BC Hydro nearly ready to pull plug on 600-metre tunnel

John Hart project on the Campbell River nears another milestone

BC Hydro’s project contractor, InPower BC, has successfully achieved another significant milestone in the John Hart Generating Station replacement project.

The most recent accomplishment is the competition of the drilling and blasting for what’s called the tailrace tunnel.

The tunnel, at 10.7 metres in height and about six metres wide, runs about 600 metres from the underground powerhouse to the tailrace outlet where the water will re-enter the Campbell River. The excavation milestone was achieved at the end of April.

“We are very pleased and proud to see this tunnel competed,” says project and BC Hydro spokesperson, Stephen Watson. “It’s very impressive to stand within a tunnel of that size. It was excavated in two stages by removing an upper rock heading and then the lower bench. The last section of the upper heading broke through at the end of March, and the lower rock bench was fully excavated by the end of April. And of course it nicely aligned with the concrete tailrace outlet works that were already in place.”
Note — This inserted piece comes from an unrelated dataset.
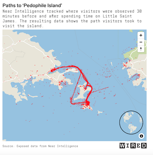 Per wired.com, Near Intelligence was “able to map the paths of these visitors to within centimetersincluding their neighborhoods, buildings of origins, and the paths they took to get to the island. These digital trails document the numerous trips of wealthy and influential individuals, seemingly undeterred by Epstein’s status as a convicted sex offender.”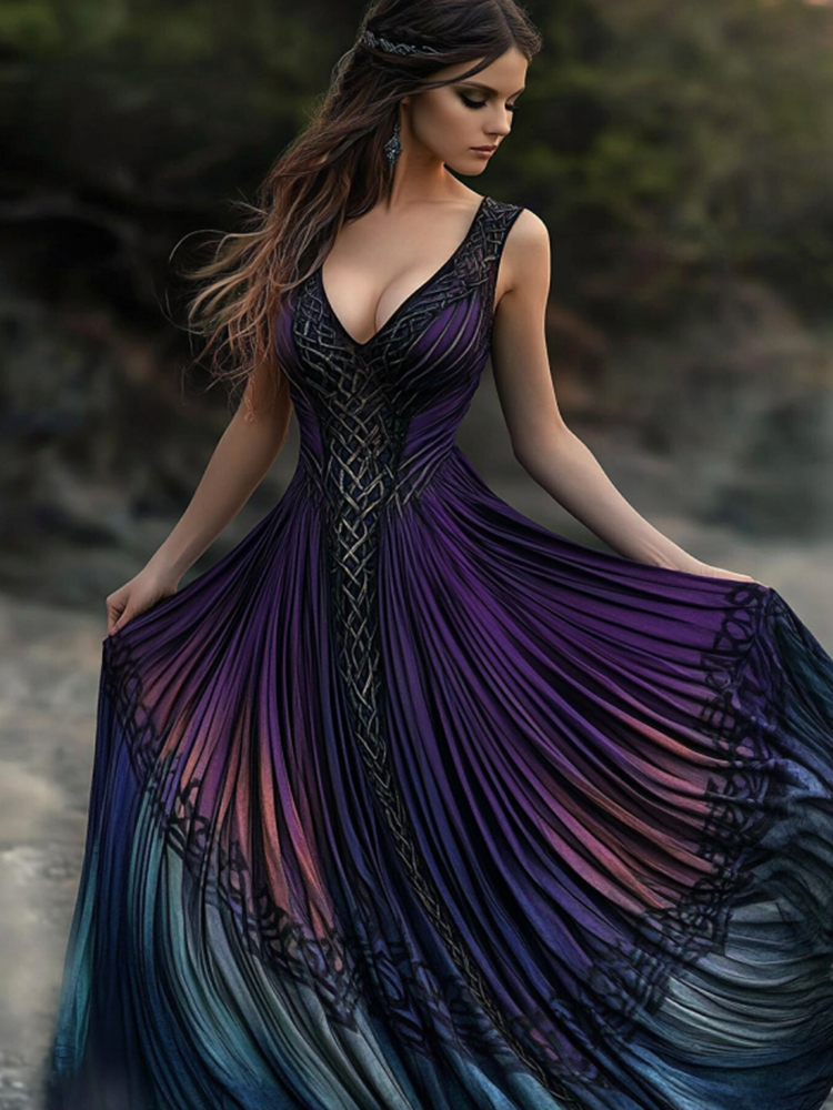 Vintage Viking Pattern Gradient Casual Tank Dress

The concrete form work at the tailrace outlet was completed months ago and includes the steel stop logs that were placed in position. Looking ahead, the solid rock plug that keeps the Campbell River water from entering the tunnel work area, is planned to be removed with one controlled blast towards to the end of 2017.

“SNC-Lavalin and their subcontractors Aecon and Frontier-Kemper continue to progress well and it’s rather amazing to see the changes at the site from month to month,” said Watson. “It’s visually impressive and the project has been quickly transitioning from a rock removal and a concrete placement process to an electrical and mechanical focus with turbine/generator supplier General Electric.”
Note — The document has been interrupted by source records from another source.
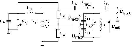 При рассмотрении схемы не учитывались паразитные параметры – междуэлектродные емкости и инерционность усилительного элемента. Поэтому коэффициент обратной связи оказался независимым от частоты, что справедливо при относительно невысоких частотах (в половину меньших граничной частоты транзистора). С повышением частоты схема замещения автогенератора усложняется, и коэффициент обратной связи должен рассматриваться с учетом перечисленных факторов.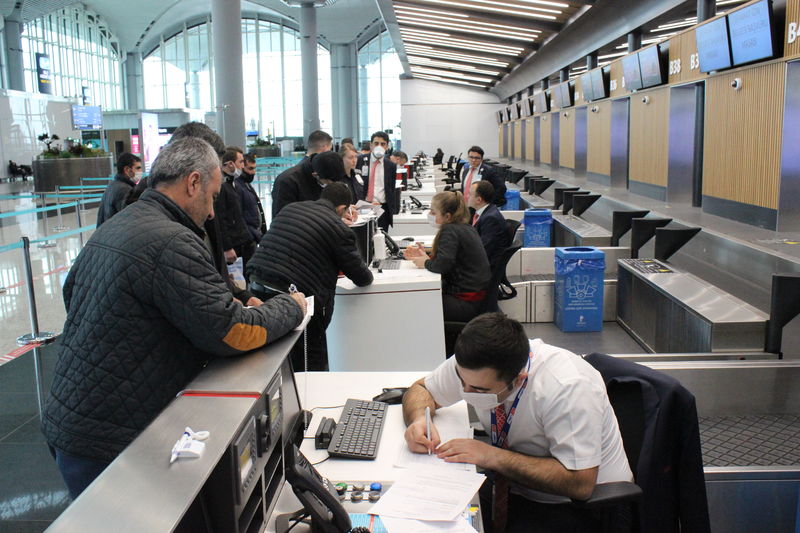 Yeni tip koronavirüs (COVID-19) salgını için alınan tedbirler kapsamında hava yolu ile yurt içi uçuşlarda “Seyahat İzin Belgesi” isteneceğinin açıklanmasının ardından bugün İstanbul Havalimanı’nda başvuruda bulunan yolcular nedeniyle hareketlilik yaşandı.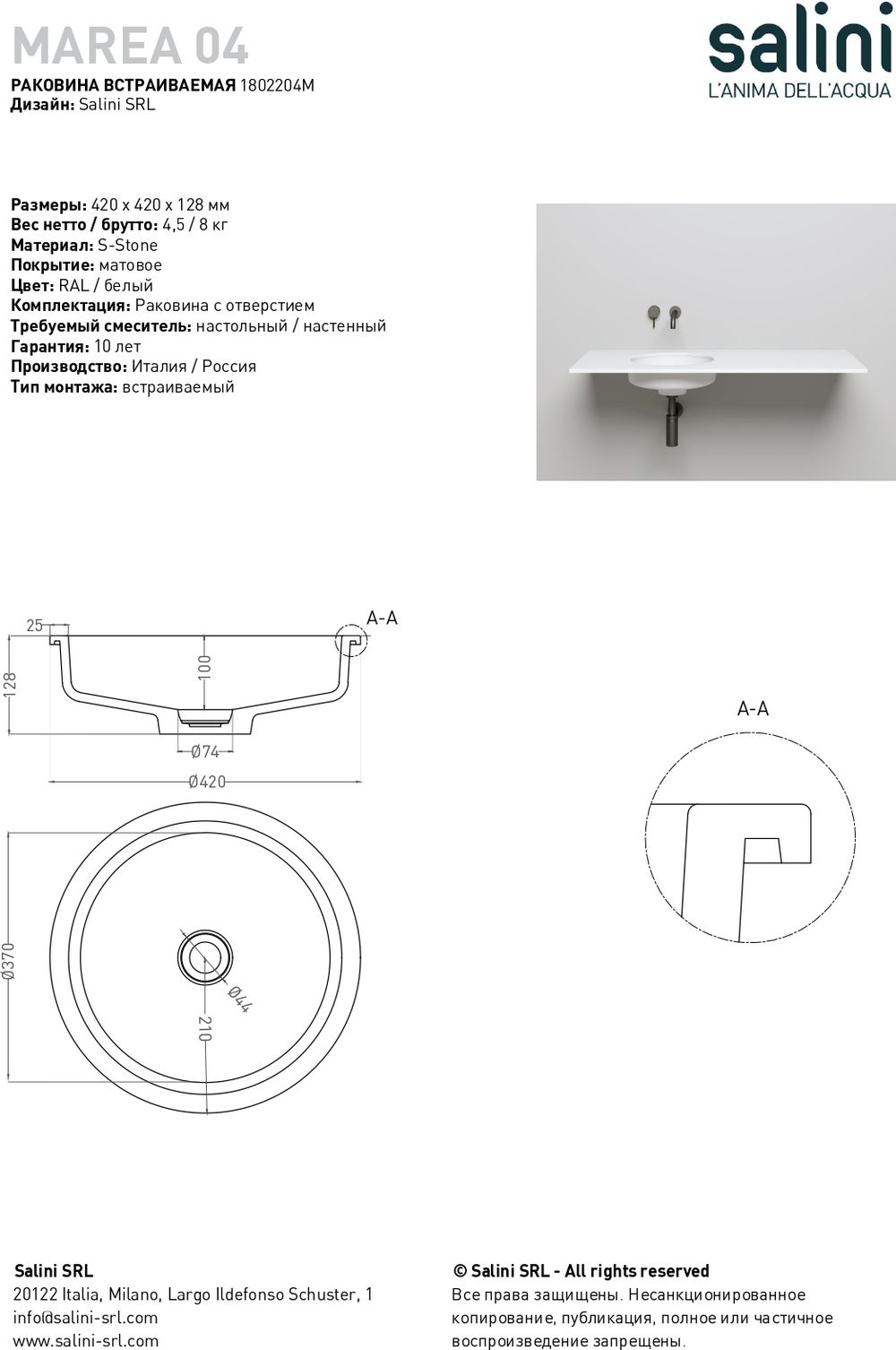 Раковина врезная под столешницу Salini Marea 04 1802204M, размер 420x420x128 мм, цвет белый.

Watson said the current schedule shows the nearly 1.6 kilometre long power tunnel, from the John Hart dam to the powerhouse, fully excavated by July.

“When that happens, the underground rock removal process will be complete.”

The John Hart project remains on schedule for the new facility to be in-service in fall 2018. While people are unable to get into the tunnel, the tailrace outlet area is part of the site tour during the John Hart project community site event on July 9.


The tunnel end where the steel stop logs are in place. Once the rock plug on the other side of the steel gate is removed at the end of this year, this is where water will re-enter the Campbell River starting in 2018.